Strange and unwanted miracle, this sudden slowing
of my thoughts from the speed of light (or
sound when I was quick enough
to get them on paper) to the speed
of water: gurgling and tumbling along
quick or slow, over rocks and roots, pulling
me along, giving me moments to rise for air
if it is daytime, or if at night
no time to rise at all
so that I have had to grow gills
and navigate my way through oceans
of dreams that make perfect sense until
I reach the next morning's shore.

But the nightmares are receding. I don't scream
anymore, don't thrash, and I am grateful
for now there is no one to wake me and tell me
it isn't real; that things are, after all, alright.
I have learned to do this for myself
--say, 'it is alright.
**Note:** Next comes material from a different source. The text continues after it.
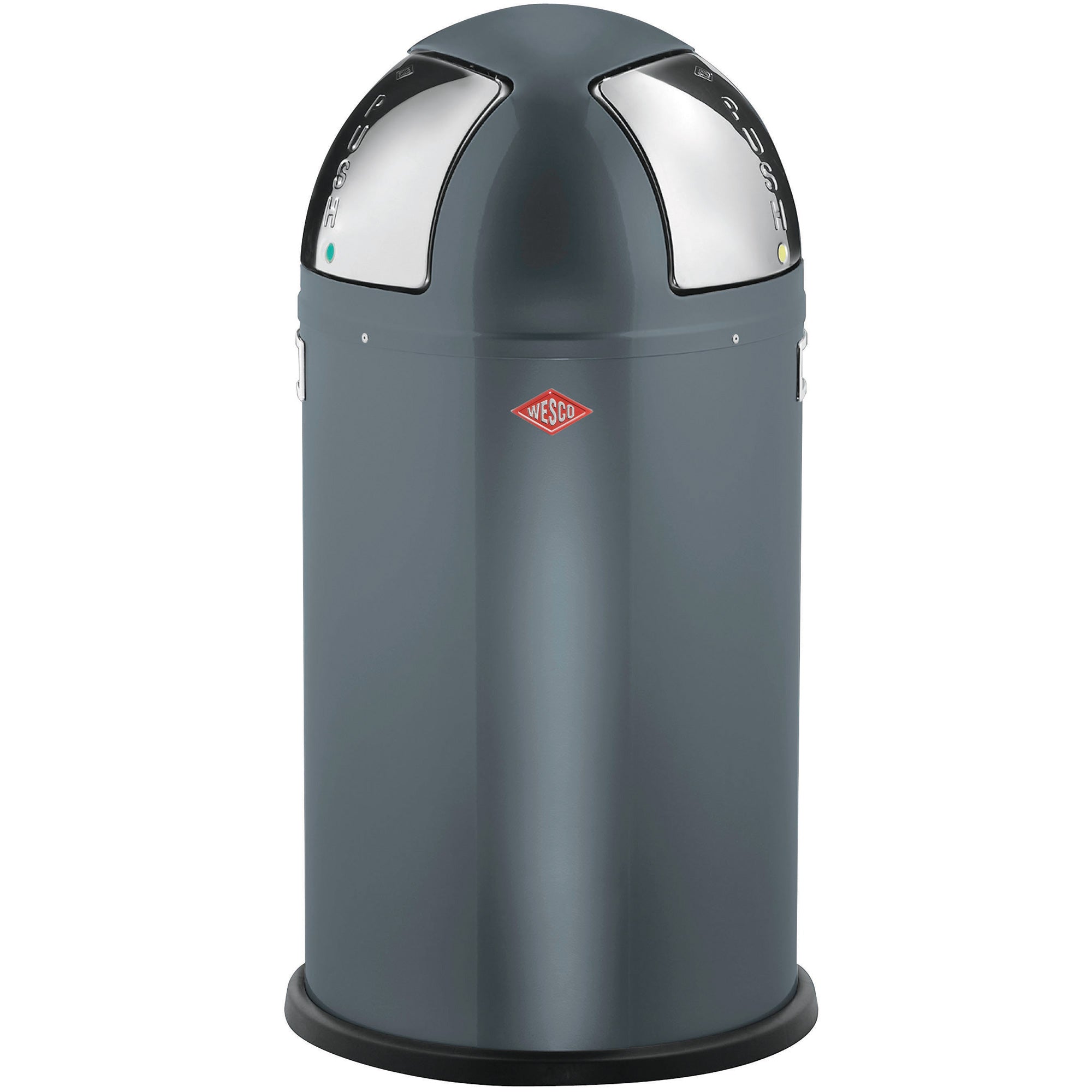 Afval scheiden Extra fijn van de Wesco Push Two is de mogelijkheid om afval te scheiden. De binnenkant is verdeeld in twee delen: één voor elke 'push-klep'. In elk deel past 25 liter, wat de afvalemmer een inhoud van totaal 50 liter geeft. De push-manier van afval weggooien is erg handig: je hebt maar één hand nodig en kan met beleid het push-deksel openen en sluiten.

It is not real--whatever it is
that terrifies you; it is not real.'

Sometimes I miss the speed of light.

I remember the grace in flight
I remember all possibilities rushing past as I fell
before I knew it for a fall--when I still believed
I could survive anything, even gravity
even the reins of my own existence
even the death of the god I worshiped back then
the one I believed could overcome anything.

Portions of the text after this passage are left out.